Just curious, is it possible he shut off the breaker for the fire alarm/fire suppression system? That would shut off the power if it's powered by a contactor.


----------



## ponyboy (Nov 18, 2012)

wendon said:


> Just curious, is it possible he shut off the breaker for the fire alarm/fire suppression system? That would shut off the power if it's powered by a contactor.


Depends. Possible


----------



## EBFD6 (Aug 17, 2008)

Big John said:


> Yeah, but where would he be getting his 120V loads from...?


good point, there wouldn't be any single pole breakers with a corner grounded system. 

It's got to be either a high leg or operator error with the meter.


----------



## Shockdoc (Mar 4, 2010)

He single phased it off the high leg.
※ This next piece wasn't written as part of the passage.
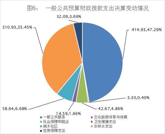 2020年一般公共预算财政拨款支出877.16万元,主要用于以下方面:一般公共服务(类)支出414.93万元,占47.29%;文化旅游体育与传媒(类)支出3.30万元,占0.4%;社会保障和就业(类)支出42.67万元,占4.86%;卫生健康支出14.59万元,占1.66%;城乡社区(类)支出58.64万元,占6.68%;农林水(类)支出310.93万元 ,占35.45%;住房保障支出32.09万元,占3.66%。

The breaker is not rated for that . I've run 240 volt room ACs like that when I had to balance out a hi leg motel service.


----------



## Jbird66 (Oct 26, 2010)

Could there have been a second service in the building that provided the single phase loads and this actually been a 240 volt delta?


----------



## ponyboy (Nov 18, 2012)

I bet if you would've opened the panel and food warmer the answer would've revealed itself. I've opened panels before and found contactors and relays IN the panel. Usually the most simple explanation is the correct one. There's a ton of easy and varying ways to produce your scenario


----------



## Big John (May 23, 2010)

Why would they put the warmer on a contactor? Timer or something?


----------



## 480sparky (Sep 20, 2007)

If the SP breaker that's been turned off is a shunt trip, then it most likely controls a contactor.


----------



## wendon (Sep 27, 2010)

Big John said:


> Why would they put the warmer on a contactor? Timer or something?
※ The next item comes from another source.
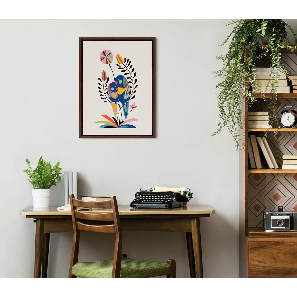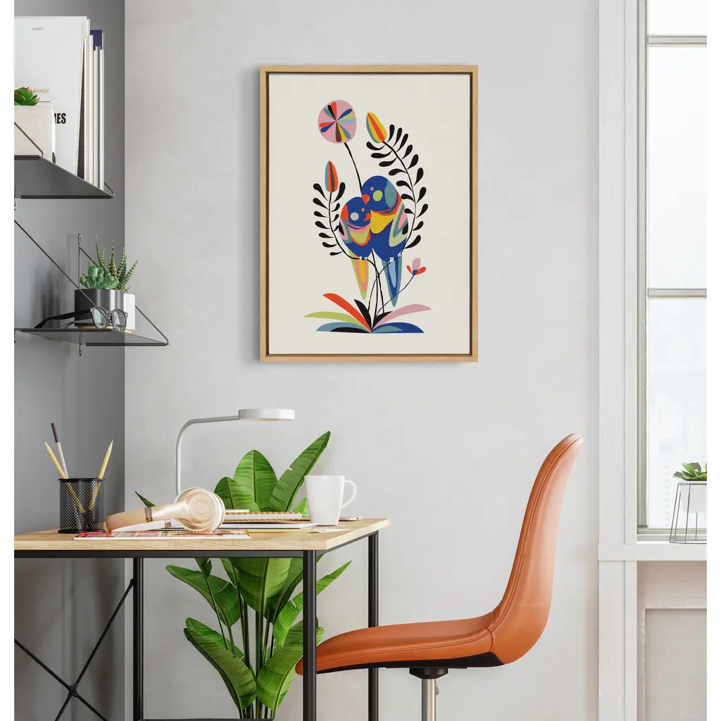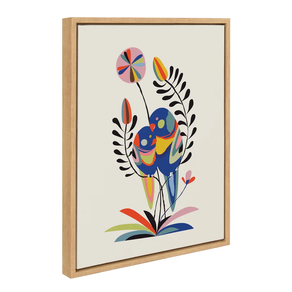 Bring an adorable burst of color into your home with these vibrant little rainbow birds designed by Rachel Lee of My Dream Wall. Framed in the USA in Waunakee, Wisconsin, this floating canvas art will be a pleasure to look at every day in your living room, bedroom, nursery, or any room in the home. Printed on gallery-wrapped canvas and framed with a lightweight polystyrene frame, this wall art has two hangers already attached to the MDF back for easy wall display. The outer dimensions are 24 inches tall by 18 inches wide by 1.63 inches deep. Print Name: "Rainbow Lorikeet"

I've got a local restaurant that has it's electric griddle on a contactor. The contactor is energized all the time and is connected with the fire suppression system which also shuts off the gas supply.


----------



## GEORGE D (Apr 2, 2009)

Is there a chance that this piece of equipment isnt grounded which is why your not getting voltage to ground? Maybe lost its equipment grounding conductor and one of the 2 legs still has voltage but meter not picking it up. That's when a hot-stick is handy.


----------



## ponyboy (Nov 18, 2012)

At least let us know what you find because this is a good one


----------



## polyphase (Nov 1, 2011)

I haven't had to work on many delta services but if I recall the last one I worked on my readings were 240v from phase to phase and 120v from A to N and C to N and 277v from B to N. how do u get 208v?


----------



## crazyboy (Nov 8, 2008)

Big John said:


> Why would they put the warmer on a contactor? Timer or something?
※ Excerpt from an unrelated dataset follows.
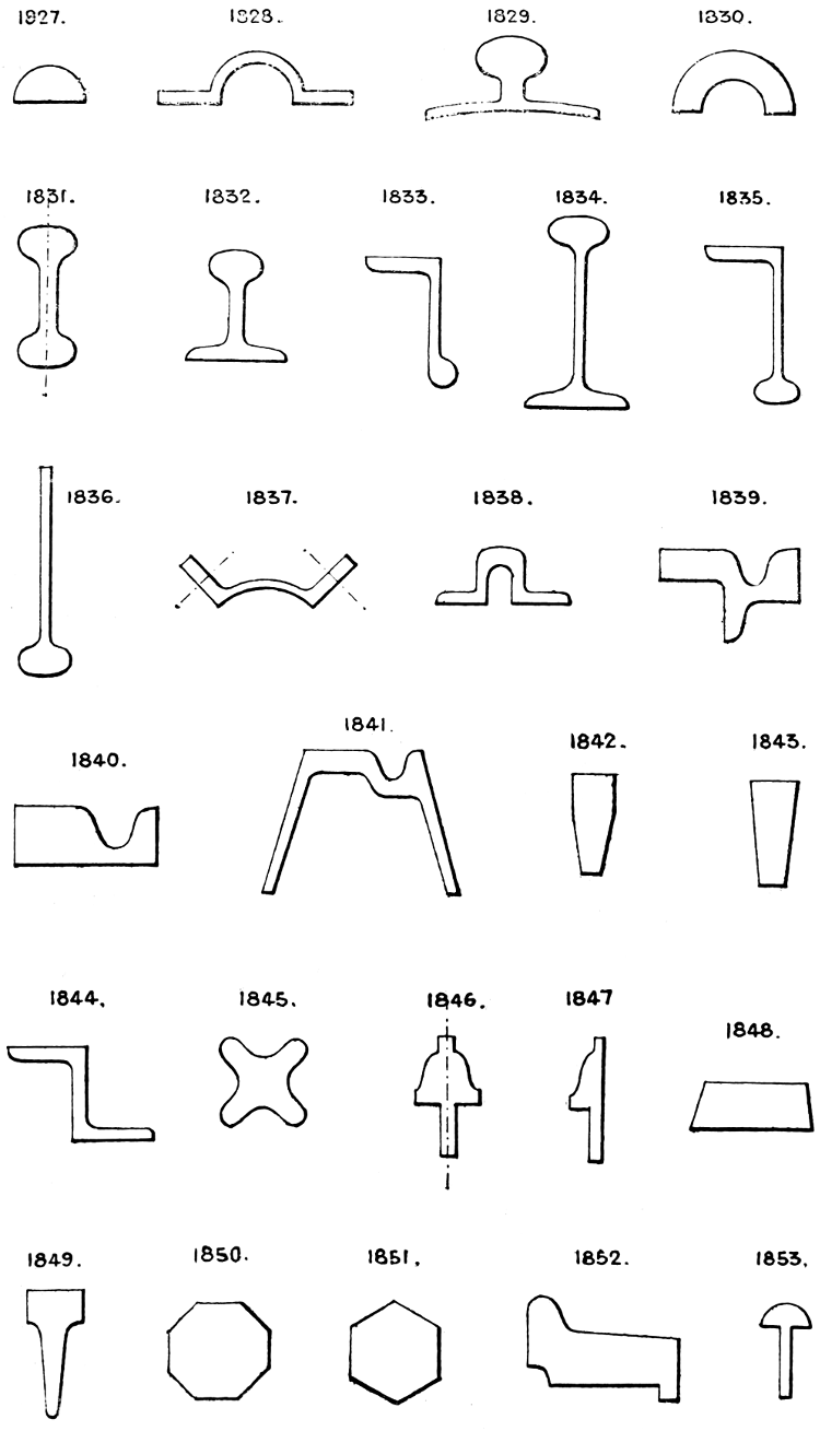 The limiting weights and dimensions of the steel plates of Bolekow, Vaughan and Co. are 18 cwt. 80 sq. ft. in area, 23′ in length, and between 12″ and 60″ in width. Extras are, for every hundredweight, or part of the same above 18 cwt., 10s.; for every foot, or part of a foot, above 23′ in length, 5s.; for every square foot above 80 sq. ft., 1s.

Everything under the hood in a commercial kitchen has to turn off when the ansul system goes off. Typically done with shunt trips or contactors.


----------



## ponyboy (Nov 18, 2012)

crazyboy said:


> Everything under the hood in a commercial kitchen has to turn off when the ansul system goes off. Typically done with shunt trips or contactors.


Not the exhaust


----------



## crazyboy (Nov 8, 2008)

ponyboy said:


> Not the exhaust


True, some places want it to turn on the exhaust too.


----------



## BBQ (Nov 16, 2010)

crazyboy said:


> Everything under the hood in a commercial kitchen has to turn off when the ansul system goes off. Typically done with shunt trips or contactors.


Not everything, only sources that fuel a fire.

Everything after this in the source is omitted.